When I run the above code I get this, where all of the outputs are similar:

tensor([[0.3204, 0.3256, 0.3539],
        [0.3203, 0.3257, 0.3540],
        [0.3201, 0.3265, 0.3534],
        [0.3200, 0.3249, 0.3551],
        [0.3204, 0.3251, 0.3545],
        [0.3196, 0.3256, 0.3548],
        [0.3194, 0.3260, 0.3546],
        [0.3200, 0.3264, 0.3536],

But when I run another model I get this:

tensor([[0.4194, 0.1613, 0.4194],
        [0.8631, 0.0101, 0.1268],
        [0.3775, 0.2676, 0.3550],
        [0.0022, 0.0015, 0.9963],
        [0.1903, 0.6193, 0.1903],
        [0.5297, 0.2212, 0.2491],
        [0.6913, 0.1241, 0.1846],
        [0.7054, 0.1266, 0.1680],
        [0.1698, 0.6705, 0.1597],

ptrblck · September 20, 2023, 2:45pm

I don’t see an issue in returning almost the same output initially for all predictions as your model wasn’t trained yet.
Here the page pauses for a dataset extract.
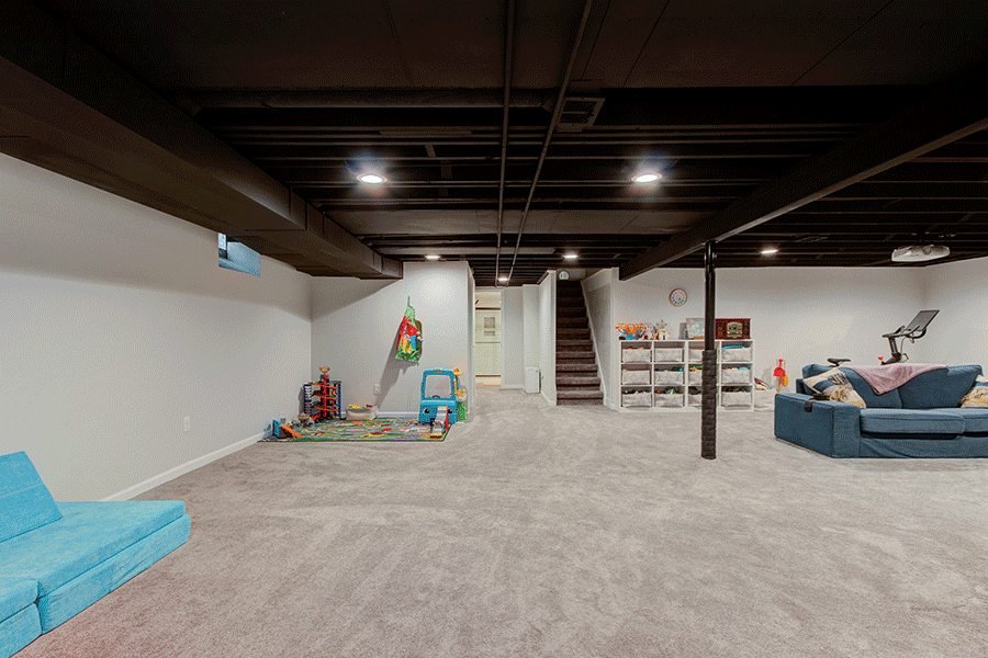 We were fortunate to transform a blank slate in this nearly new home into a striking, functional lower level. The basement ceiling, sprayed black, sets an industrial tone that carries throughout the space. The updated bathroom blends modern design with bold contrast, black vanity and accents offset crisp white tile and countertops, creating a polished, urban aesthetic. Every detail was considered, from sleek fixtures to durable finishes that stand up to everyday use. The surrounding basement area balances style and comfort, making it perfect for entertaining, relaxing, or hosting overnight guests. This remodel delivers a cohesive, contemporary vibe with lasting appeal.

However, you are still applying the nn.Softmax layer which might still cause issues depending on the used loss function as mentioned before.

lint_weaver · September 21, 2023, 3:22am

I’ve uncomment the softmax, but when I trained it on the dataset after 50 epochs I get this:

How do I improve the train accuracy to be above 67.5%? I’ve tried changing the optimiser from SGD to Adam and have experimented with learning rates from 0.01 to 0.00001, and its always stuck at around 67.5%.

ptrblck · September 21, 2023, 3:47am

Try to overfit a small part of the dataset first (e.g. just 10 samples) by playing around with the hyperparameters to make sure your model is able to do so. If your model is unable to do so, there might be another issue in the code I haven’t seen yet.